# Information given
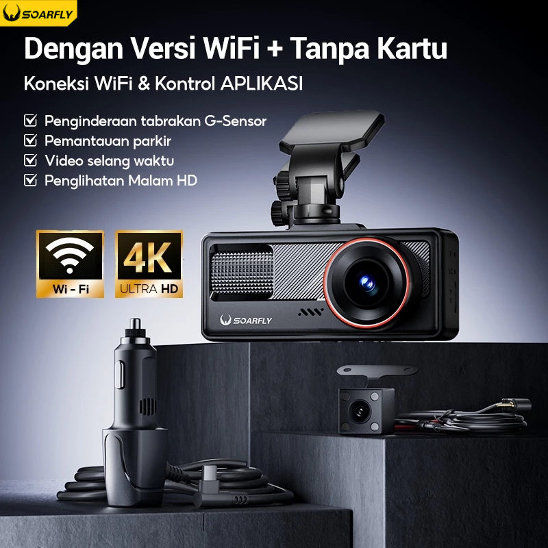 Soarfly Dashcam Mobil WIFI 4K GPS Layar Night Vision Dual Lens Perekaman Loop 24 Jam
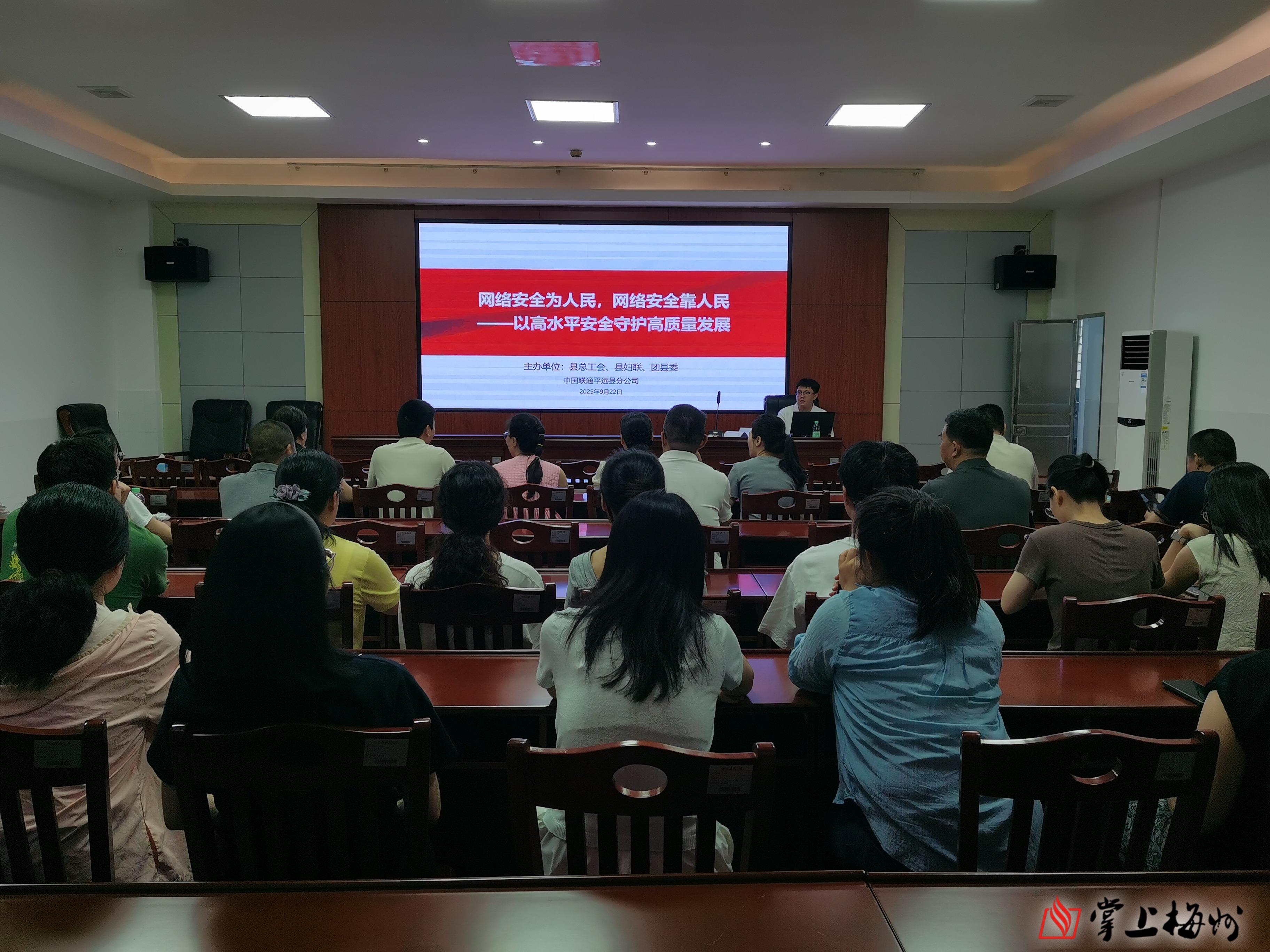 9月22日,县总工会、县妇联、团县委联合主办网络安全专题培训。五个群团机关全体职工参与。培训中,授课人员围绕网络安全形势、常见风险隐患及防护举措等内容,结合案例和分析进行详细解读。此次培训不仅传递了网络安全知识,更传递了责任,职工们表示会强化安全意识,将所学转化为行动,传播网络安全知识,为平远高质量发展保驾护航。
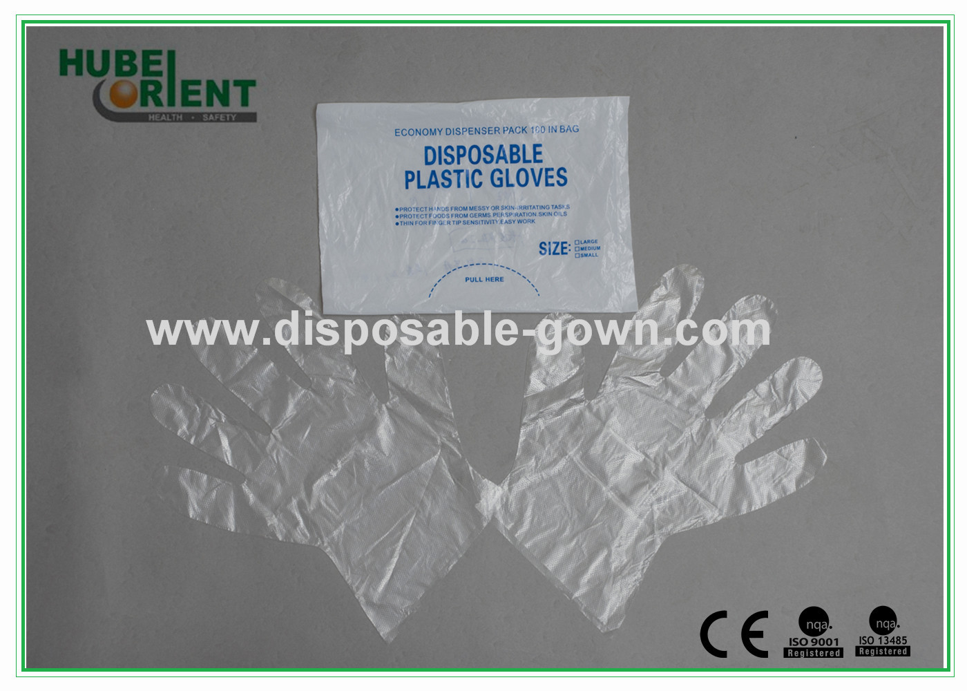 খাদ্য-যোগাযোগ সরাসরি ব্যবহারযোগ্য পিই গ্লাভস জলরোধী বিনামূল্যে আকারের প্লাস্টিকের গ্লাভস
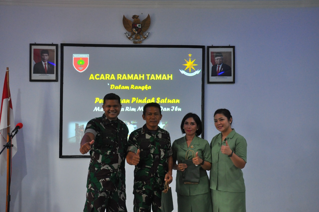 “Terimakasih dan penghargaan yang setinggi-tingginya kepada Mayor Cba Rim Madao beserta istri yang telah melaksanakan tugas di Denbekang ini kurang lebih 7 tahun, jaga hubungan baik dan silaturahmi yang telah terjalin selama ini dan tetap memelihara komunikasi walaupun nanti telah bertugas di tempat yang baru sebagai Kasi Tuud Bekangdam XIII/Merdeka, pesan perwira satu bunga”
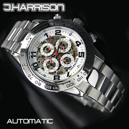 ☆J.HARRISON 機械式多機能両面スケルトン時計 JH-003SW
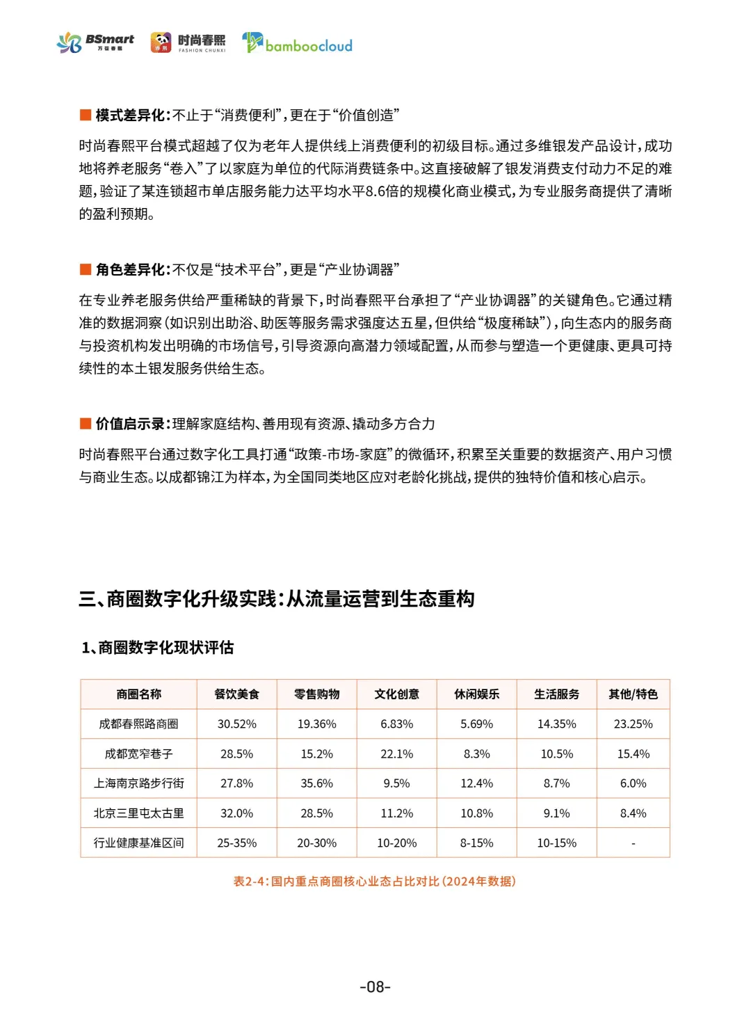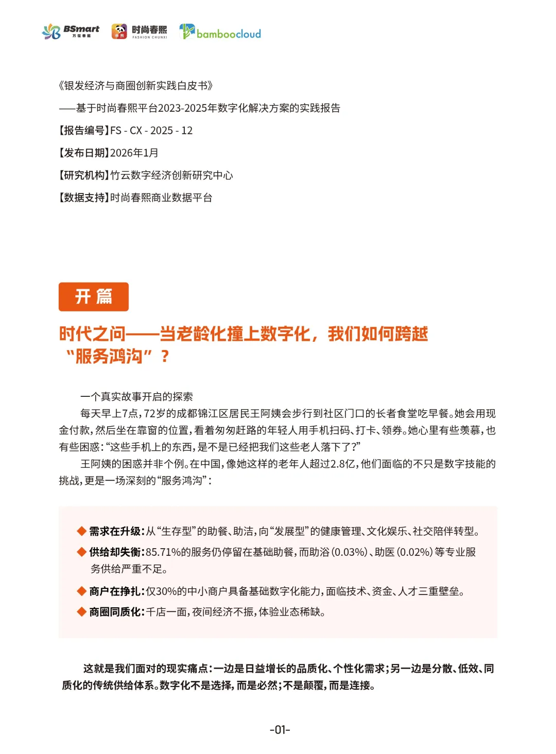 白皮书基于时尚春熙平台2023-2025年数字化实践,聚焦老龄化与数字化融合背景下的服务鸿沟问题,探索出以技术赋能、数据驱动、生态协同为核心的城市商业与银发服务融合发展路径,为商圈升级与养老服务数字化提供可复制实践方案。

# Problem requirements
Begin the copy at the line containing "খাদ্য-যোগাযোগ সরাসরি ব্যবহারযোগ্য" and end it at the last line of the records; transcribe exactly and exclude pictures.

# Answer box
 খাদ্য-যোগাযোগ সরাসরি ব্যবহারযোগ্য পিই গ্লাভস জলরোধী বিনামূল্যে আকারের প্লাস্টিকের গ্লাভস
 “Terimakasih dan penghargaan yang setinggi-tingginya kepada Mayor Cba Rim Madao beserta istri yang telah melaksanakan tugas di Denbekang ini kurang lebih 7 tahun, jaga hubungan baik dan silaturahmi yang telah terjalin selama ini dan tetap memelihara komunikasi walaupun nanti telah bertugas di tempat yang baru sebagai Kasi Tuud Bekangdam XIII/Merdeka, pesan perwira satu bunga”
 ☆J.HARRISON 機械式多機能両面スケルトン時計 JH-003SW
 白皮书基于时尚春熙平台2023-2025年数字化实践,聚焦老龄化与数字化融合背景下的服务鸿沟问题,探索出以技术赋能、数据驱动、生态协同为核心的城市商业与银发服务融合发展路径,为商圈升级与养老服务数字化提供可复制实践方案。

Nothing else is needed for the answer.